Дальше располагается кафе на сваях, и когда туда поднимаешься и садишься за грязный столик, виден остров в океане. Я могу туда съездить, но торопиться незачем, чуть позже: через месяц, или через год, следующей осенью.
В кафе я провожу час, или больше, не знаю.
Рано или поздно, сразу после своего свежевыжатого апельсинового, я, не прощаясь, доеду в аэропорт, и так же легко переберусь на другой континент, получив ещё один листок бумаги с набором случайных цифр, но решение будет принято походя, спонтанно, просто потому что, к примеру, в соломинку попадёт косточка. Мало ли когда это случится.
После полудня на берегу появляются местные – как правило, юноши.
Они не купаются, большинство из них вроде бы не умеют плавать, и они никогда не загорают – просто идут вдоль берега в своих незаправленных рубахах, кудрявые ребята, и держатся за руки.

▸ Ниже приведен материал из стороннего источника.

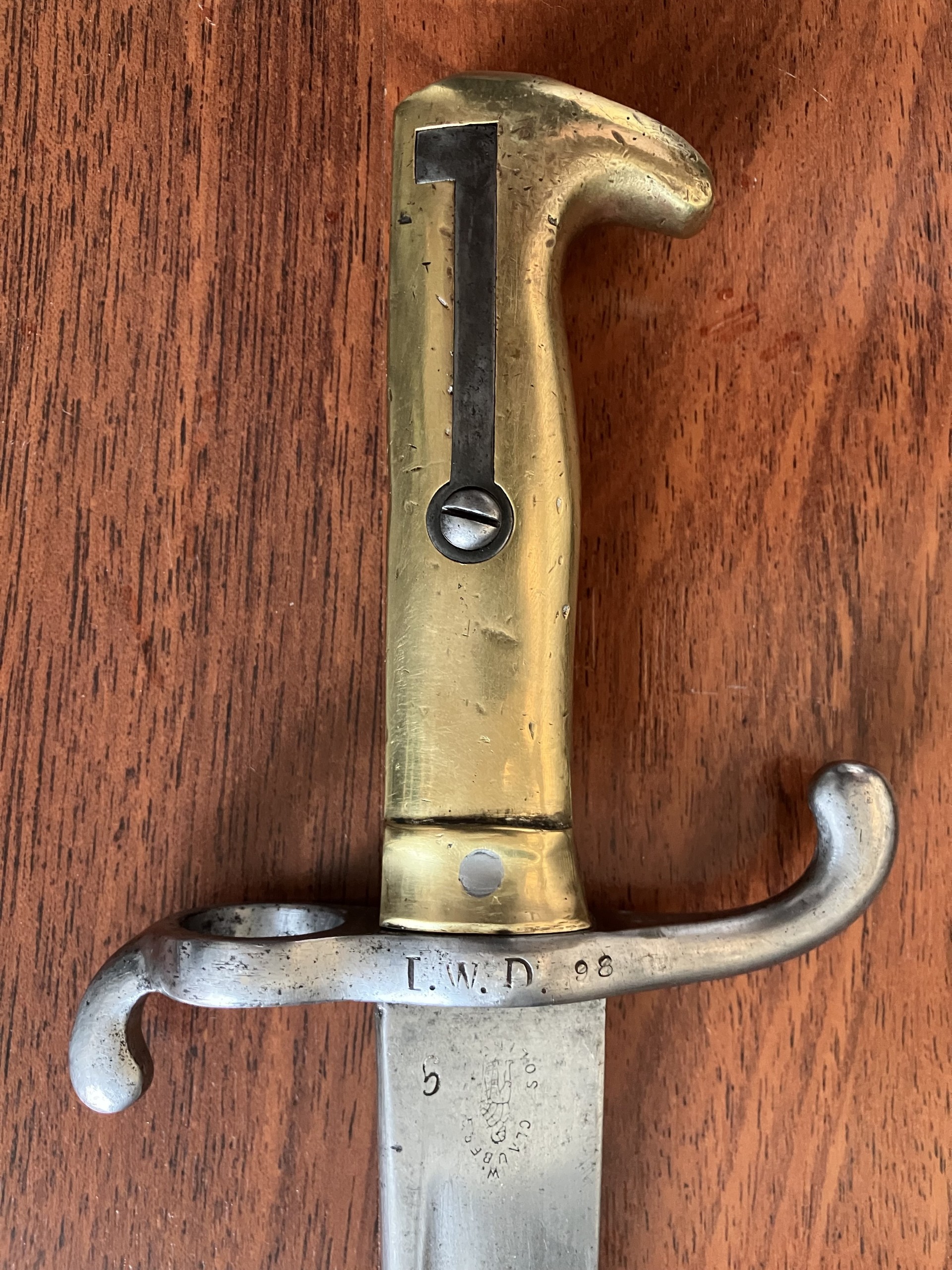 Füsilier Seitengewehr M1860 , Hersteller Clauberg Solingen , Abnahme W68 , Marine truppenstempel nummergleich I.W.D. 98 (I Werft Division), Gesamtlänge mit Scheide 65 cm , Klingenlänge 50,5 cm. Seltenes Seitengewehr zustand sie bilder. Privat verkauf keine garantie oder rücknahme.
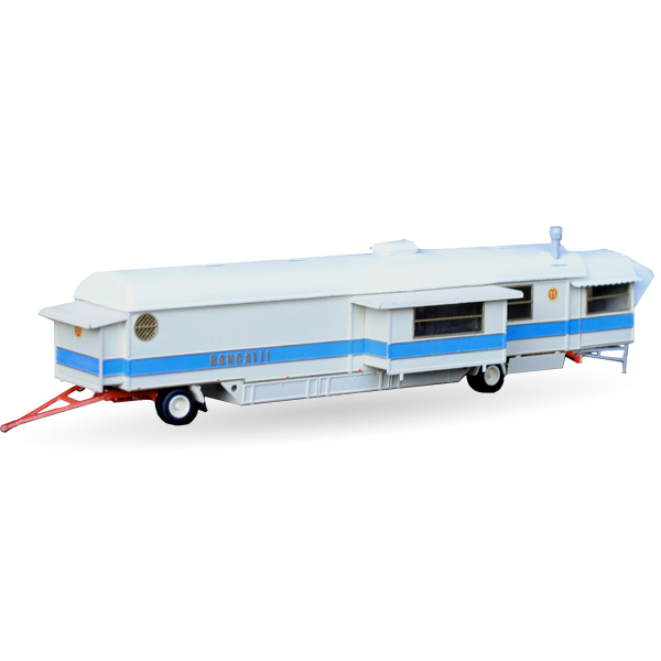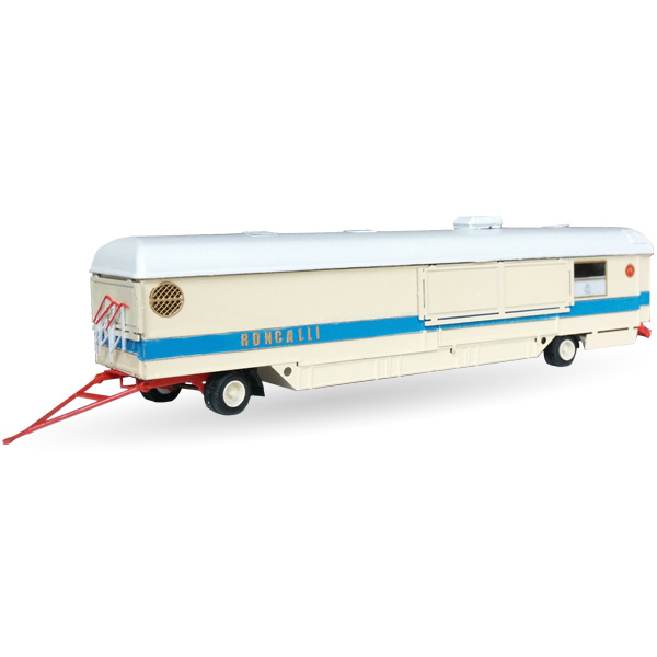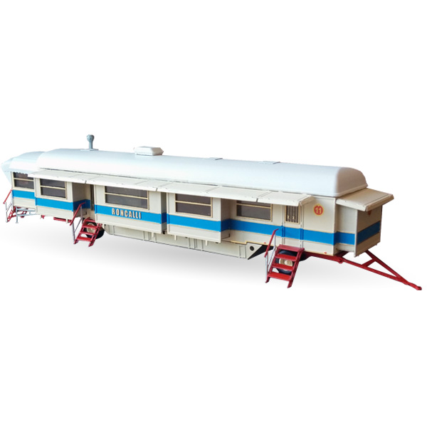 Der Bausatz ist ein typischer Schausteller Wohnwagen ausgestattet mit einer Veranda, 5 Erkern und 3 Eingängen. Der Wagen im Maßstab 1:87 wurde dem Original nachempfunden und ist mit vielen Details ausgestattet. So wurde das Dach inklusive Klimaanlage, sowie die Markise am Heck speziell gefertigt. An den 3 individuellen Treppen finden sich Geländer. Mit dem Bausatz lässt sich der Wagen im komplett aufgebauten Zustand darstellen. Die Fenster sind so konstruiert, dass sie vor der Montage lackiert und so sauber angebracht werden können. Beim Circus Roncalli dient der Wagen als Wohnwagen für den Betriebsleiter.
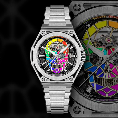 - Циферблат: Скелетонизированный, череп из цветных сегментов.
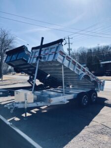 7 x 14 all aluminum dump trailer, three stage single piston, aluminum wheels. 12,000 lbs.GVW, lifetime structural warranty. $17,195.00
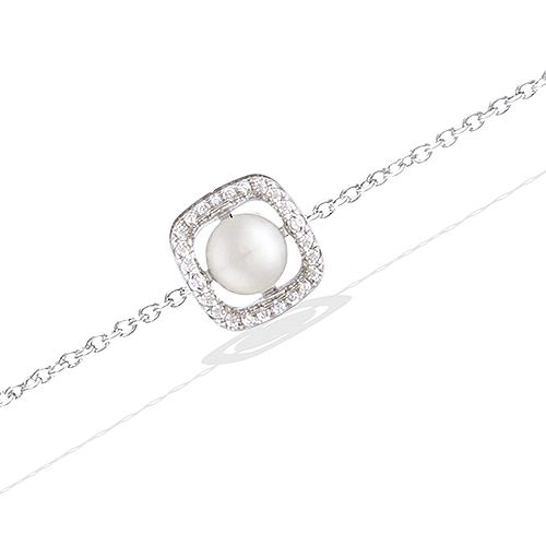 Bracelet carré oxydes blancs avec perle d'eau douce - Argent 925
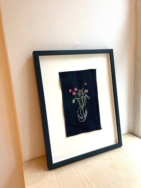 Media: Embroidery on dark blue Kvadrat textile. Embroidery thread and wool yarn.Framed in a handpainted petroleum blue solid wood frame at Atelier Hjorth-Rohde

Никто из них не смотрит на меня.
Женщины здесь не очень красивы – по крайней мере те, что обитают в посёлке, где я поселился, – и это хорошо, женщины сокращают время, сбивают дыхание.
Поначалу все здесь кажутся детьми, равными перед любыми богами, но однажды я видел, как одна местная показала в кафе другому местному странный жест: провела указательным и средним пальцем правой руки по запястью левой.
Жест показался мне агрессивным – при всей внешней безобидности.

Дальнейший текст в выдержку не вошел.